Joint Chiefs Chair Gen. Milley reminds troops of oath to American people

June 4, 2020 | 1:16pm

WASHINGTON — Joint Chiefs of Staff Chairman Gen. Mark Milley penned a memo to the armed forces on Tuesday reminding them of their oath to defend the Constitution and serve the American people.

The memo from the nation’s highest-ranking military officer, obtained by CBS News, reminds troops to embody the values of the Constitution, including the principle that all men and women are born equal, and includes an unusual handwritten note.

“We all committed our lives to the idea that is America — We will stay true to that oath and the American people,” Milley wrote to the Joint Forces.

The memo was dated with a handwritten June 2, the day after US Park police cleared an area outside the White House — firing smoke canisters and pepper balls into the crowd to disperse them, ahead of the evening’s curfew, and minutes before President Trump visited St John’s Episcopal Church.

Milley’s letter comes to light a day after Defense Secretary Mark Esper on Wednesday announced he was opposed to Trump’s stance of using the military to quell the violence roiling US cities following the death of George Floyd in police custody.

And also follow’s Esper predecessor James Mattis’ Atlantic op-ed criticizing the president’s leadership — accusing him of trying to divide the American people.

Milley’s unclassified memo also told Joint Forces soldiers that the National Guard was operating under the authority of state governors, not the president, to “protect lives and property, preserve peace, and ensure public safety.”

“As members of the Joint Forces — comprised of all races, colors and creeds — you embody the values of our Constitution.
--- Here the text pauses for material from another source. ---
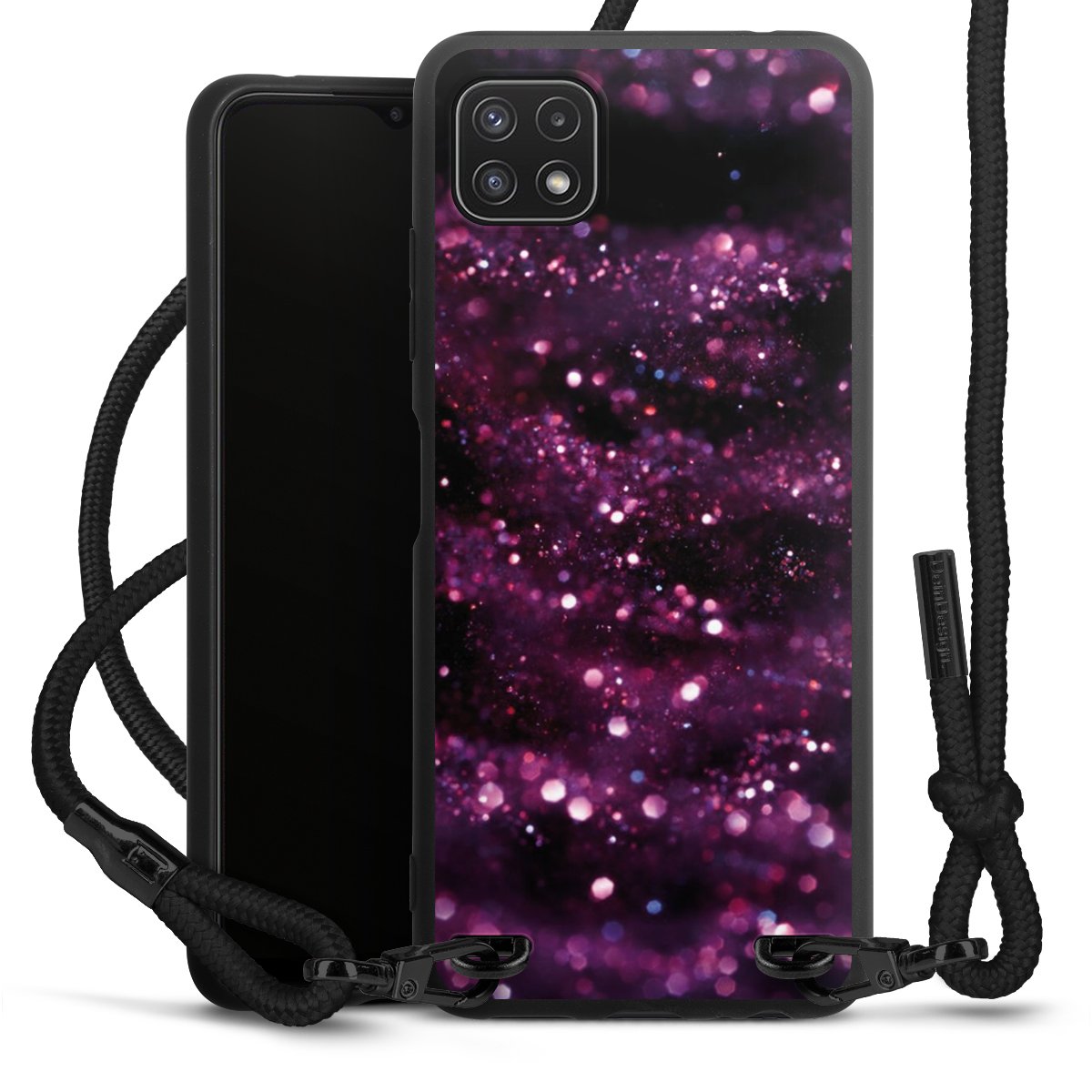 We use the solid direct print process for this phone case, which is why the print area only covers the back and the edge remains unprinted. The case to wear around your neck can be ordered unprinted, fully printed, or partially printed. For your design, either choose one of our exclusive shop motifs or get creative and create your own design, for example with photos and overlays. Design your own personal trend accessory and make an individual statement on the streets!
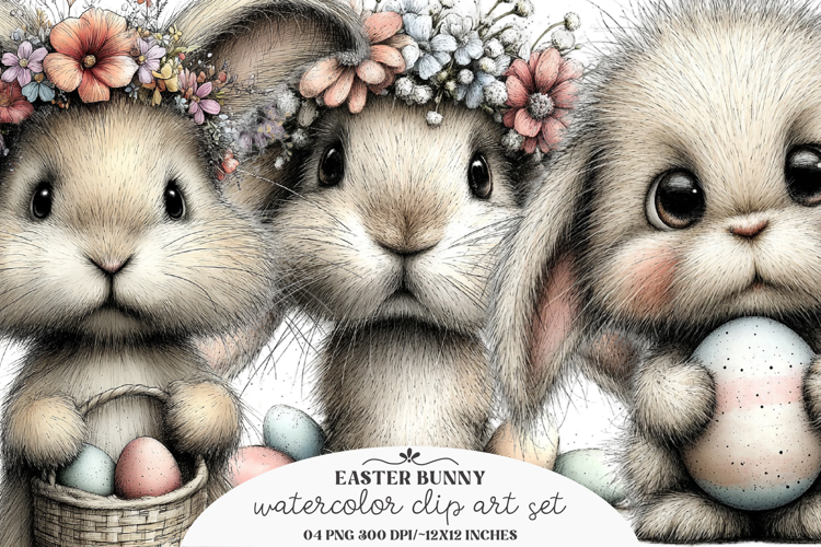 Bundle Sweet Whimsical Cute Easter Clipart Bunny Rabbit Adorable Charming

Please remind all of our troops and leaders that we will uphold the values of our nation, and operate consistent with national laws and our own high standards of conduct at all times,” Milley wrote.

Trump on Monday threatened to invoke the Insurrection Act of 1807 to send military forces to states experiencing once-in-a-generation unrest, vowing to override governors who did not ask his administration for help.

Both Esper and Milley were part of the entourage that accompanied Trump to St John’s on Monday evening, with Esper later claiming that he had no idea they were going to the church, destroyed by protesters the night before, for a “photo op.”